Qaumi Awaz
- Founder: Jawaharlal Nehru
- Publisher: The Associated Journals Limited
- Editor-in-chief: Zafar Agha (till death)
- Founded: November 1937
- Ceased publication: 2008
- Language: Urdu
- Sister newspapers: The National Herald, Navjivan
- Website: http://www.qaumiawaz.com/

= Qaumi Awaz =

Urdu newspaper

Qaumi Awaz was an Urdu language newspaper published in India by Associated Journals Limited, which was started by Jawaharlal Nehru in November 1937. It was shut down in 2008 because the company was incurring losses. Its sister publications are the National Herald newspaper in English and Navjivan in Hindi. On 21 January 2016 the AJL in its meeting in Lucknow decided to relaunch the three dailies. In August 2017 Qaumi Awaz Digital Edition was launched.

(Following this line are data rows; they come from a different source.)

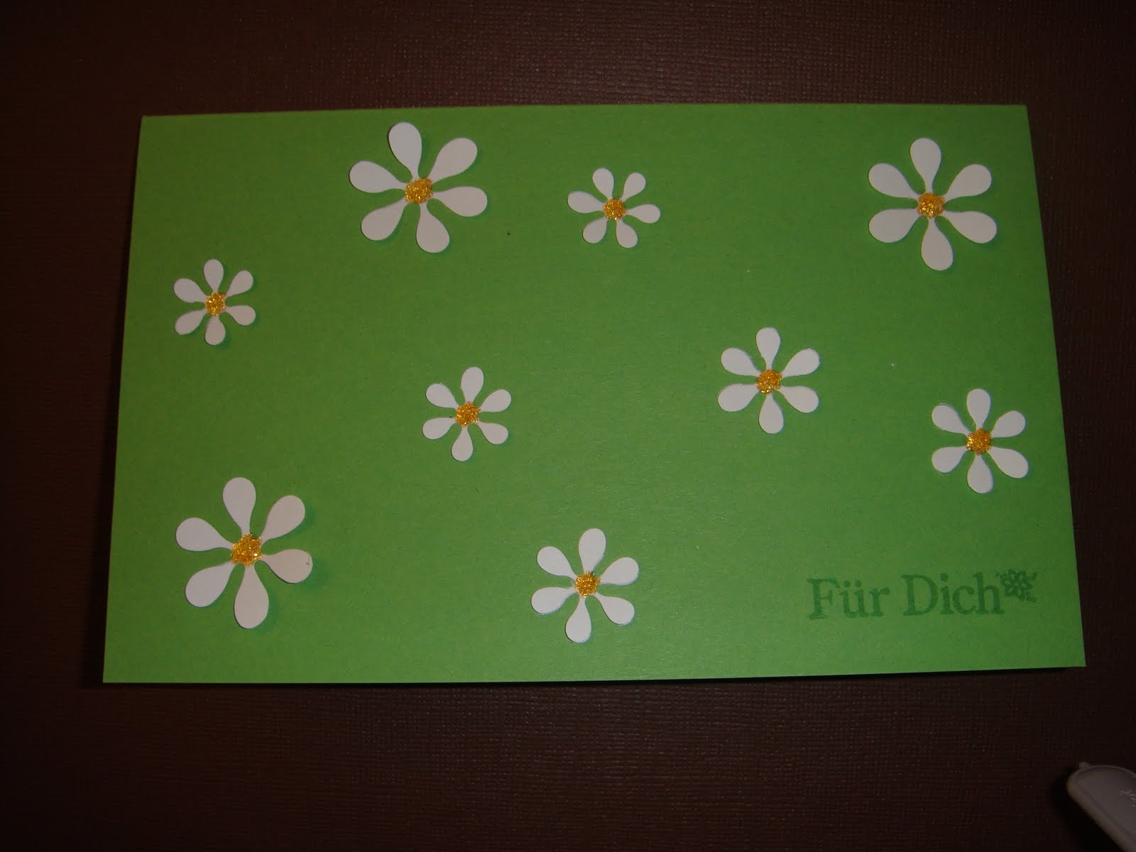 Die Mitte der Blümchen hab ich mit gelben Stickles beglittert.
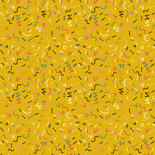 Fun doodly motifs on a dark yellow background. Some of the motifs are metallic gold. This fabric is part of the Reign collection by Rashida Coleman-Hale of Ruby Star Society for Moda. 100% cotton. 42" wide .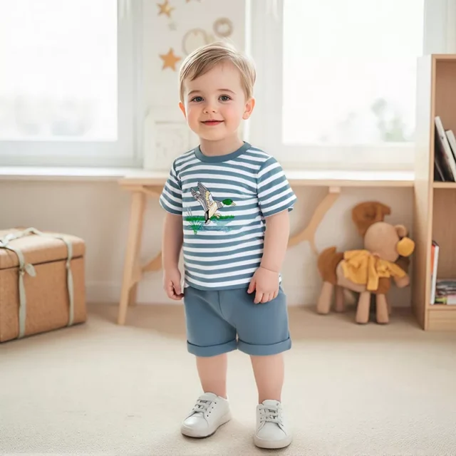 Dress your little one in charm and comfort with this delightful 2-piece summer outfit for baby boys. Featuring a cute striped short sleeve t-shirt with a playful duck embroidery and a pair of soft, solid-colored shorts, this set is perfect for warm-weather adventures. Whether it’s a family outing, a playdate in the park, or just a casual day at home, this outfit keeps your baby stylish and comfy all day long.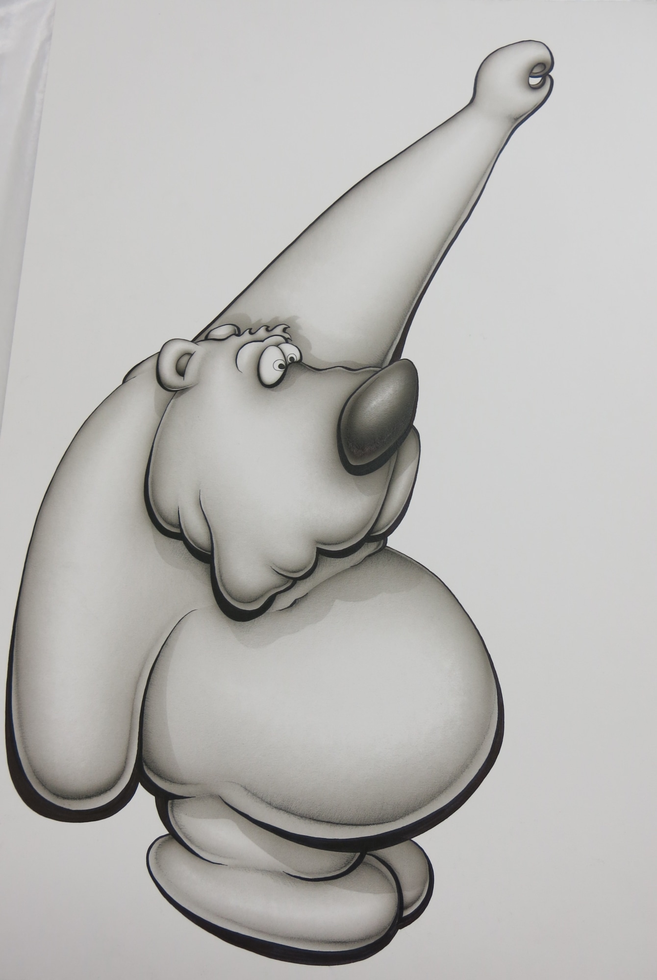 A grayscale illustration of a fat cartoon bear with crossed eyes and a large dark nose. The bear has its left arm extended upwards with the fingers curled as if it is gripping something, but no object is visible. It has a large rounded stomach and two oval shaped feet. The figure is light gray outlined in black (written by Andrea Noonoo).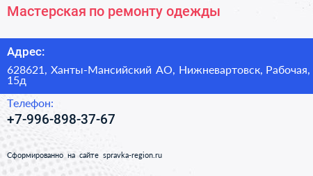 Мастерская по ремонту одежды по адресу 628621, Ханты-Мансийский АО, Нижневартовск, Рабочая, 15д в дальнейшем Организация, размещена в следующих категориях: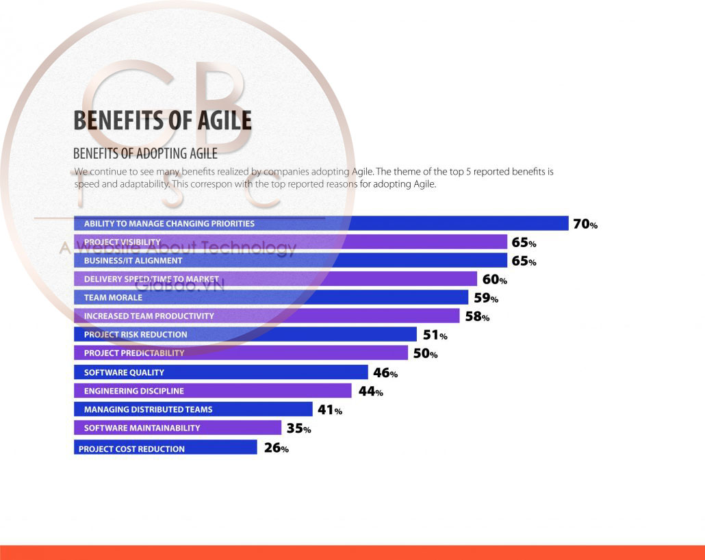 Agile là triết lý với các phương pháp mới thay thế cho phương pháp theo mô hình truyền thống (Waterfall) đã khẳng định vị thế khi đem đến cho cá nhân và tổ chức những lợi ích nhất định. Vậy những lợi ích đó là gì, tạo sao thế giới đang chuyển mình rất nhanh để thích ứng với Agile? Khảo sát của VersionOne năm 2020 về việc triển khai Agile đã cho thấy có sự cải thiện trong các lĩnh vực sau: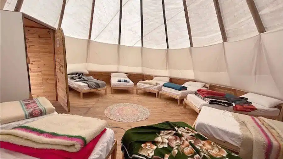Just before Ganzo is an unusual albergue called The American Indian Way. We’ve only seen it from a distance as we walked by in the past but Jim found a photo of the accommodations on the albergue’s website.

Zafar Agha was the last chief editor of Qaumi Awaz.

==Lawsuits==
In 2021, many journalists and politicians who reported about the death of Navreet Singh during the 2021 Farmers' Republic Day parade were charged with sedition by the Delhi police and 3 state police. The police cases were filed across three BJP-ruled states against journalists including Qaumi Awaz editor Zafar Agha. Varadarajan has called the police FIR "malicious prosecution". Press Club of India (PCI), the Editors’ Guild of India, the Press Association, the Indian Women's Press Corps (IWPC), the Delhi Union of Journalists and the Indian Journalists Union in a joint press conference asked the sedition law to be scrapped. Editors Guild of India spoke against invoking of the sedition charge on journalists. The guild termed the FIRs as an "attempt to intimidate, harass, browbeat and stifle the media".